Поплакал Яким, посморкался. Пошел с дочерью и внуками прощаться. Потом надо будет жене наставление оставить, ночь в церкви у Бога за грехи прощение просить. Будет, как у Исуса, моление о чаше. Коли судьба помереть – так не по-собачьи, меж чужих двор, а по-христиански.
Дочь Настасья замужествовала за гриднем старшей дружины Петром Малым. Он был высок и статен, «малым» звался, чтоб отличать от Петра Большого, чья голова на колу.
Поглядев, как Яким обнимает дочь, как та рыдает, зять сдвинул густые брови. Сказал:
– Не будет по сему. Мы ему самому голову срежем.
Петр Малый был удалец, в бою первый и в совете не последний. Все говорили, быть ему боярином. Но теперь, женатому на дочери и племяннице казненных Кучковичей, навряд ли.

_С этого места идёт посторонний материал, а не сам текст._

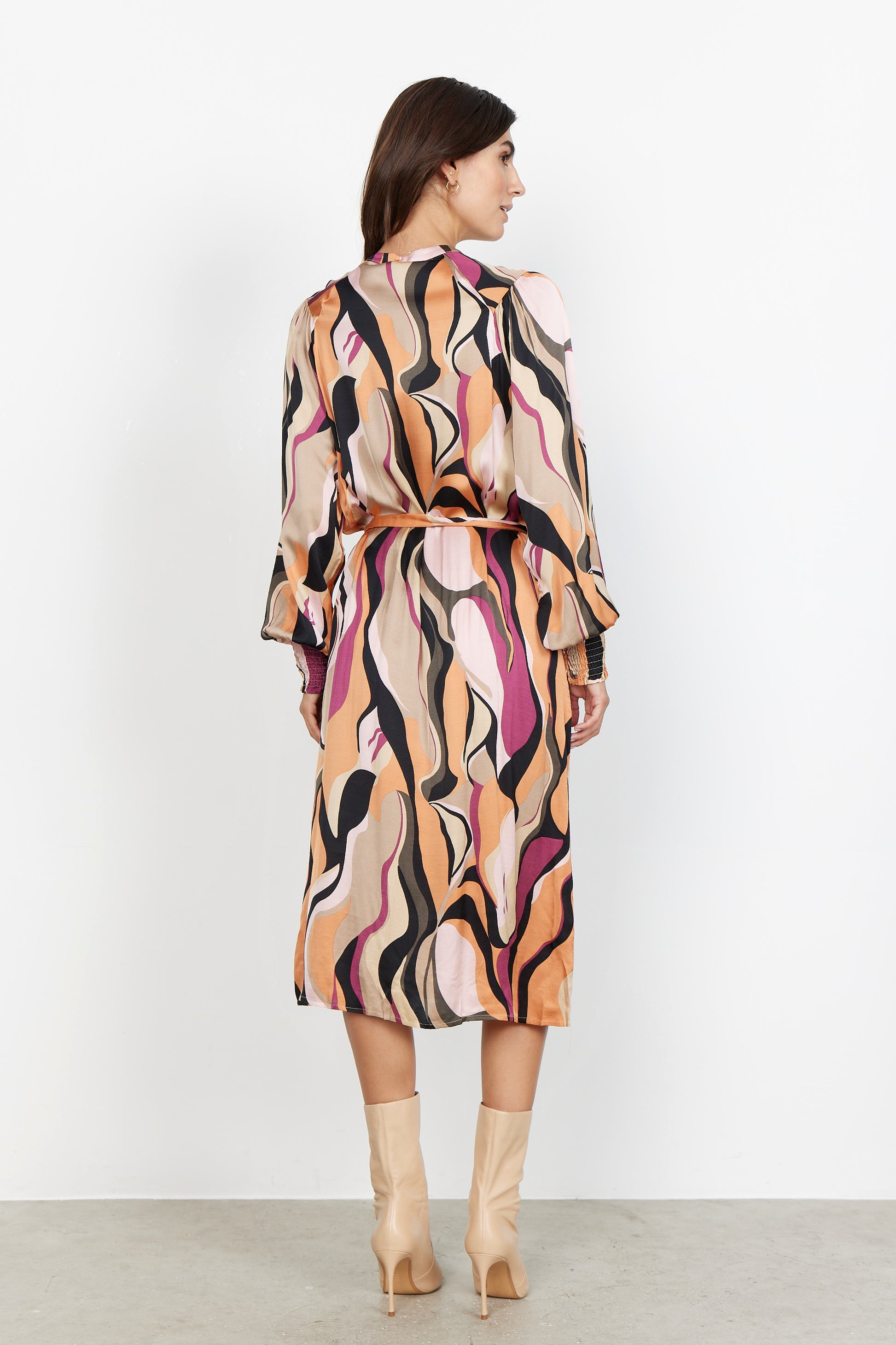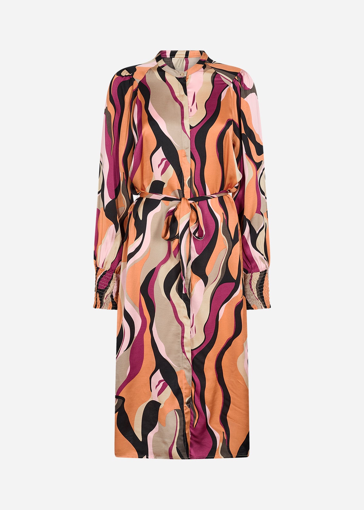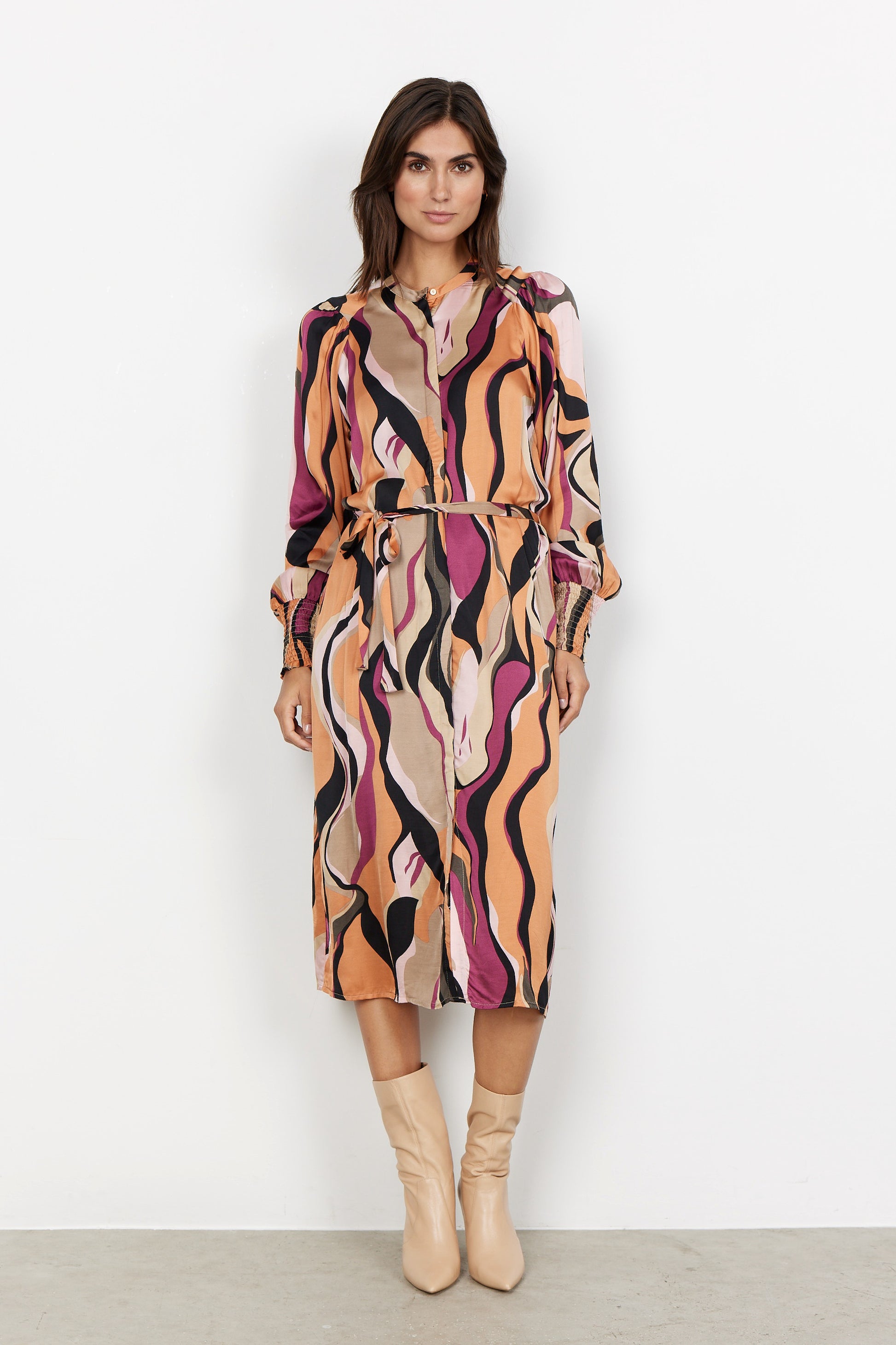 Soyaconceptin kauniisti laskeutuva mekko. Edessä napit ylhäältä alas saakka ja hihansuissa rypytetyt resorit. Mukana tulevalla vyöllä saat säädeltyä mekon istuvuutta.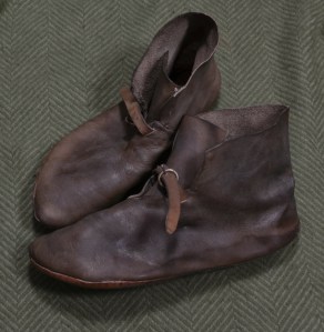 All shoes are hand stitched for your foot using patterns based on finds. Although the photos currently included here only cover the medieval period, I can make shoes from Roman to the late fifteenth century. Prices start from £110 for adult shoes. I do also make affordable children’s shoes, as detailed below.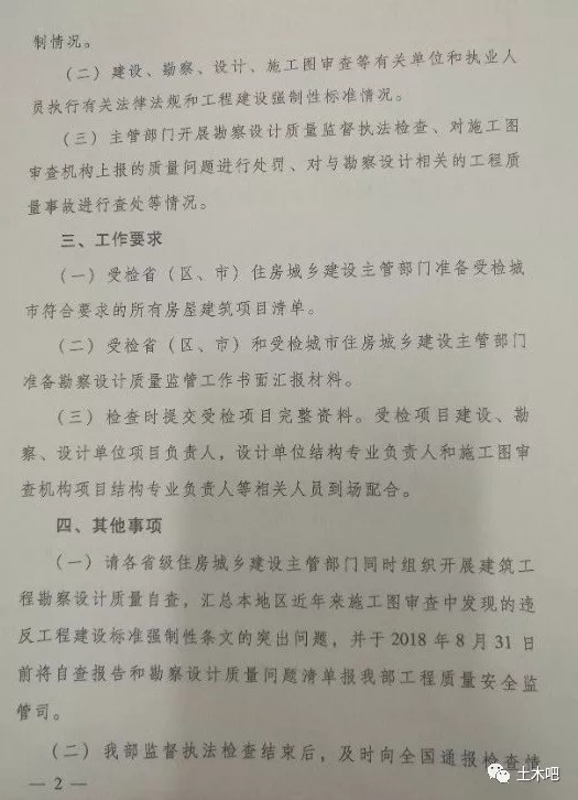 近日,住建部辦公廳發(fā)布通知,決定于2018年7月下旬起開(kāi)展建筑工程勘察設(shè)計(jì)質(zhì)量監(jiān)督執(zhí)法檢查,主要落實(shí)建設(shè)、勘察、設(shè)計(jì)單位項(xiàng)目負(fù)責(zé)人質(zhì)量終身責(zé)任制情況等內(nèi)容。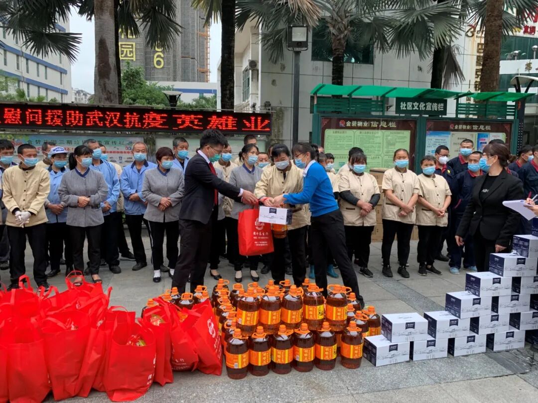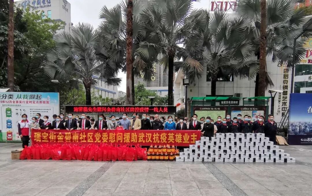 4月23日,一场暖心的战“疫”慰问活动在金碧南社区举行,爱心业主施云龙先生为驰援武汉归来的英雄医生罗旋、社区居委以及物业等疫情防控一线人员送上慰问物资。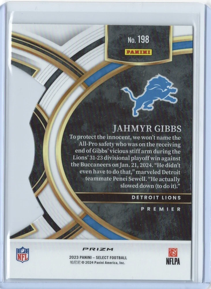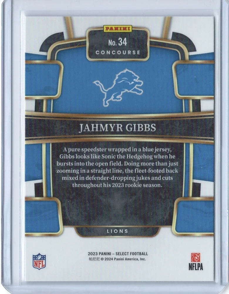 Language:EnglishCard Size:StandardType:Sports Trading CardNumber of Cards:2Manufacturer:PaniniAutographed:NoSport:FootballPlayer/Athlete:Jahmyr GibbsFeatures:Base Set, RookieYear Manufactured:2023League:National Football League (NFL)Set:2023 Panini SelectTeam:Detroit LionsAutograph Format:CutOriginal/Licensed Reprint:OriginalSeason:2023Country/Region of Manufacture:United States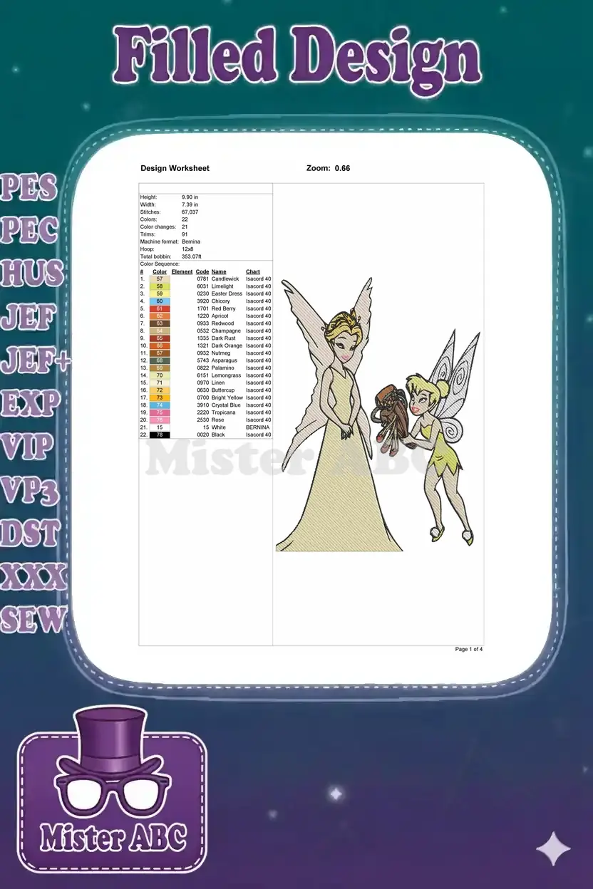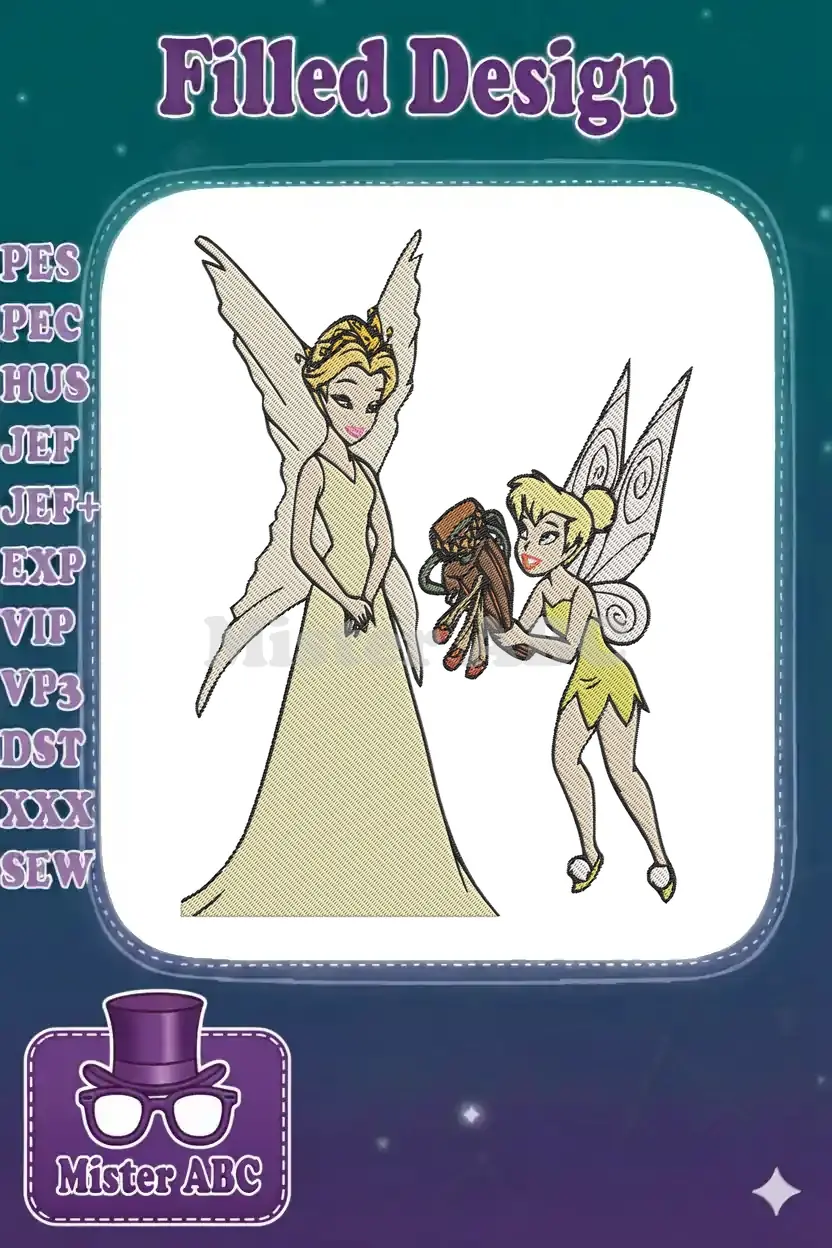 Magical fairy queen and Tinkerbell offering beetle shoes embroidery designs

– Давно надо было убить пса бешеного! В дружине и при дворе он многих, ох многих обидел.
Петр стал перечислять имена, загибать пальцы. Их не хватило, пришлось гнуть сызнова.
Яким моргал, не верил.
– Государя – убить?! Да как же?
– А вот так! – Зять взмахнул, будто рубя мечом. – Соберем обиженных, кто его ненавидит. Ворвемся, навалимся гурьбой, и дело с концом. Чего тебе терять? Ты так на так сгинешь.
Это правда. Терять Якиму было нечего. А всё же не верилось.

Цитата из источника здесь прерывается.